7. The artificial intelligence painting display system based on image core extraction technology according to claim 6, characterized in that: The stylization loss function is a weighted combination of the content loss function, the style loss function, and the identity loss function; wherein, the calculation area of the content loss function is dynamically limited by the core painting area data, rather than the entire image area.
8. The artificial intelligence painting display system based on image core extraction technology according to claim 1, characterized in that: The adaptive normalization and unified adjustment performed by the digital painting generation module specifically includes the collaborative optimization of the global contrast, color saturation and brightness parameters of the specific stylized painting data. The parameter set upon which the collaborative optimization process is based supports two configuration modes: one is pre-configuration based on the standard color characteristics of the target display platform, and the other is receiving real-time dynamic adjustment instructions through the user interaction interface integrated into the system.

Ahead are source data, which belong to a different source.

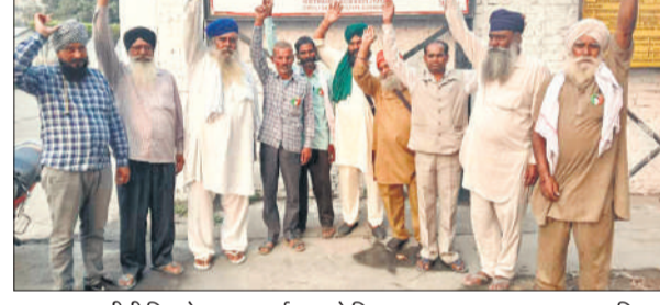
मकसूदापुर चीनी मिल के बाहर प्रदर्शन करते किसान।

अमृत विचार: बजाज शुगर मिल मकसूदापुर की मनमानी की वजह से गन्ना किसान परेशान हैं। आठ नवंबर से शुगर मिल का नवीन पेराई सत्र शुरू होने वाला है, लेकिन पिछले पेराई सत्र का बकाया 85 करोड़ का भुगतान अभी तक नहीं हो सका है। उधर, राष्ट्रीय किसान मजदूर संगठन के कार्यकर्ताओं ने बुधवार को शुगर मिल के जीएम से मिलकर किसानों का तत्काल भुगतान कराने की मांग की है। ठोस आश्वासन न मिलने पर मिल गेट पर प्रदर्शन कर नारेबाजी की। स्थानीय ब्लॉक क्षेत्र के करीब 50 फ्रीसदी किसान बजाज शुगर मिल मकसूदापुर को गन्ने की सप्लाई करते हैं। हर वर्ष गन्ने के भुगतान को लेकर किसानों को परेशान होना पड़ता है। मिल का पिछला पेराई सत्र नौ नवंबर 2023 से भले ही शुरू
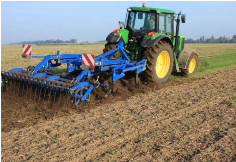
Bodenvorbereitung durch Grubbern [16]

Eine wichtige Voraussetzung für eine erfolgreiche Aufwertung bzw. Neuanlage blütenreicher mehrjähriger Säume und Feldraine ist eine intensive Bodenstörung (Jeschke et al. 2012, Kiehl et al. 2014). Bei Aufwertungen von Grassäumen ist der Etablierungserfolg der angesäten Arten umso höher, je gründlicher die Grasnarbe zerstört wird. Die Bodenbearbeitung kann durch Fräsen, Grubbern oder Pflügen erfolgen. Anschließend sollte mit einer Egge oder Kreiselegge ein möglichst feines Saatbett hergestellt werden (für Lichtkeimer besonders wichtig).
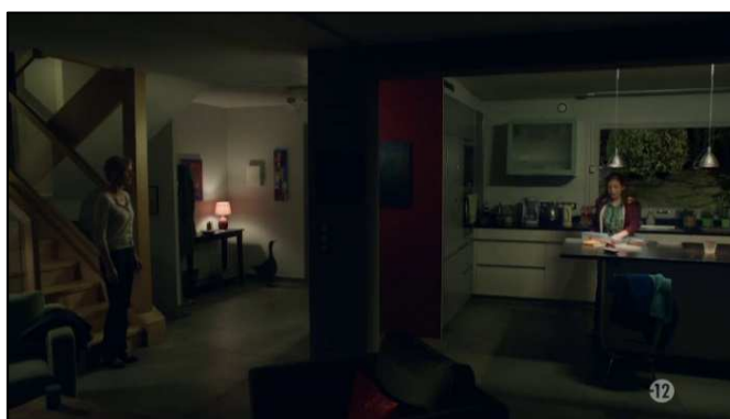
À gauche Claire, à droite Camille.

La séparation entre ces êtres, et par la même de ces deux mondes, se met spécifiquement en avant avec, à plusieurs reprises dans la série, une fragmentation plastique du cadre. Ainsi, une barrière physique créée par un élément du décor vient empêcher le rapprochement de ces deux univers. En voici deux exemples, tirés du pilote de la série :
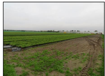
Figuur 5. Korte begroeiing op landbouwweg
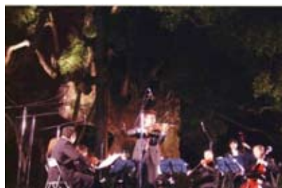
<大楠コンサート（築上町）>
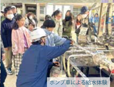
ポンプ車による給水体験
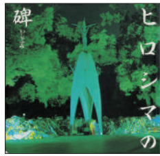
『ヒロシマの碑』 宅和 純／著、広島県教職員組合／編、 広島平和教育研究所／編 広島県教育用品 1996年
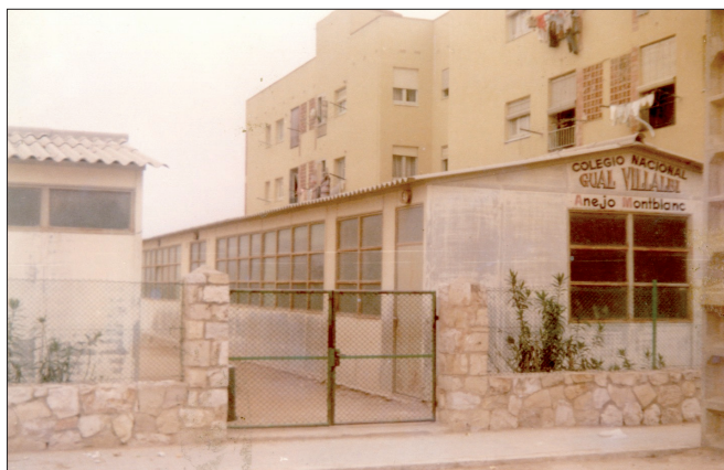
Escola Gual Villalbí, annex Montblanc, Torreforta. Autor desconegut. AHT.
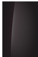
Galaxy Maroon (Mica)

3 JAAR Waarborg Zonder Kilometerbeperking*
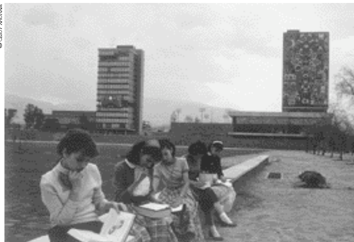
El campus, 1955

armónico de la enseñanza dirigida a la formación del estudiantado. Éste, en determinados tiempos, tiene la posibilidad de manifestar su parecer respecto de la organización de los cursos escolares. Cada maestro, en ejercicio de la autonomía universitaria, imparte su materia en plena libertad de cátedra. De todo esto se desprende que la autonomía implica que en la docencia nadie puede imponer como norma una determinada ideología.
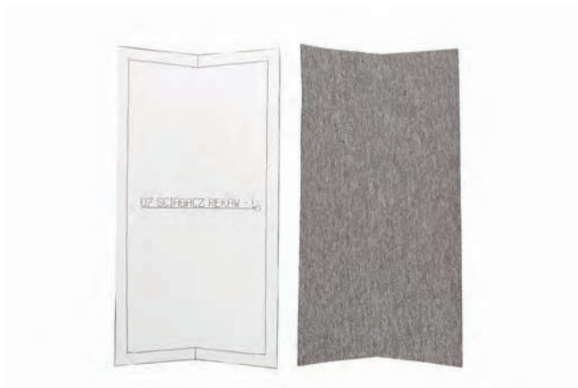
▲ ściągacze do rękawów
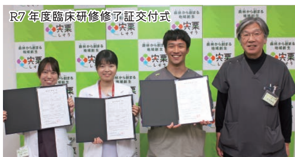
R7年度臨床研修修了証交付式

令和8年3月26日、2年間の臨床研修を修了した研修医に対して修了証を交付しました。彼らが当院で培った知識と経験を礎に今後さらに研鑽を積み、医師として大きく成長することを心より期待しています。そして将来、再び、宍粟市で地域医療にご尽力いただける日が来ることを願っています。
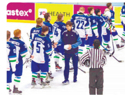
Ўзбекистон терма жамоаси ХОККЕЙ БЎЙИЧА катталар ўртасидаги жаҳон чемпионатининг IV дивизион беллашувларида ғолиб бўлди.
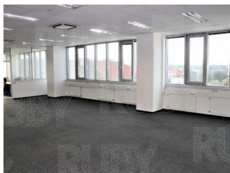
Praha 7 | Jankovcova
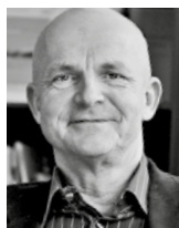
Dr. Bernd Hunger Kompetenzzentrum Großsiedlungen e. V. BERLIN

Wie auch in den größeren Städten erlebten die kleinen Großsiedlungen zunächst einen Imageverlust, korrespondierend mit dem Aufschwung des Eigenheimbaus, der sich gerade in den kleinen Städten und in den Dörfern manifestierte. Die professionellen
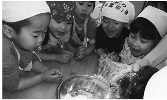
みんなで楽しくお団子づくり(あすなろ第2保育園)
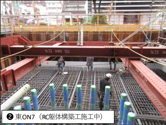
② 東ON7 (RC躯体構築工施工中)
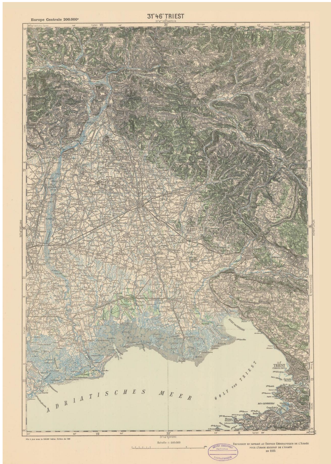
Feuille Triest – 31° 46', Paris, Service géographique de l'armée, 1935. Coll. IGN. Les extraits qui suivent, reproduits à l'échelle un, sont tirés de la même feuille.
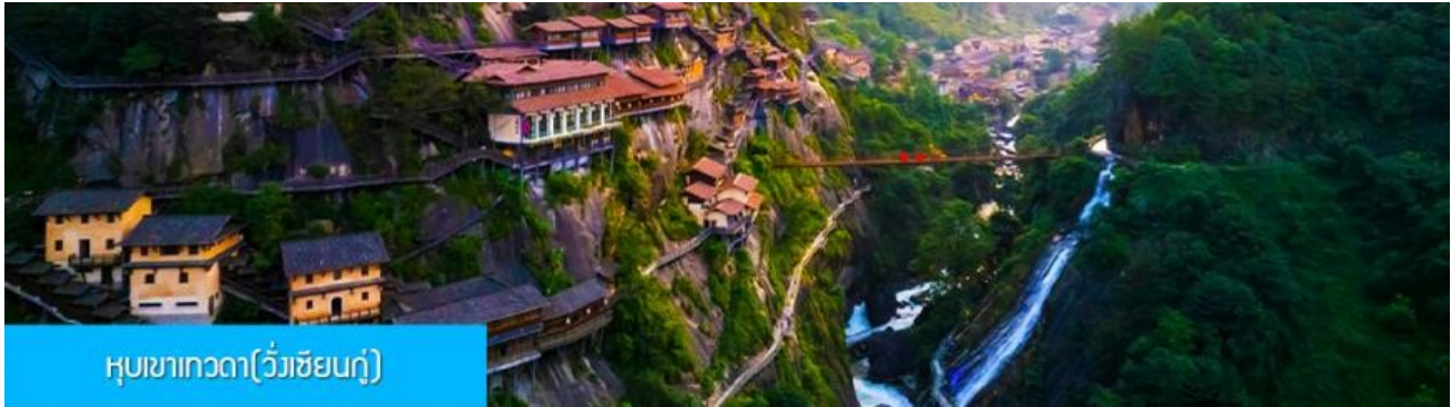
หุบเขาเกวต๋า(วังเซียนกู่)

9. An artificial intelligence painting display method based on image core extraction technology, used to implement the artificial intelligence painting display system based on image core extraction technology as described in any one of claims 1-8, characterized in that, include: S1: Preprocess the input image to obtain optimized digital painting data; S2: Receive the optimized digital painting data, and use a semantic segmentation model based on an improved lightweight neural network architecture to automatically identify and segment the core region representing the painting theme from the data, and generate core painting region data. S3: Receive the core painting area data, and transfer the specified art style features to the core area through a deep style transfer network optimized by an adversarial training process to generate specific stylized painting data; S4: Adaptively standardize and uniformly adjust the specific stylized painting data, synthesize and output the final digital painting.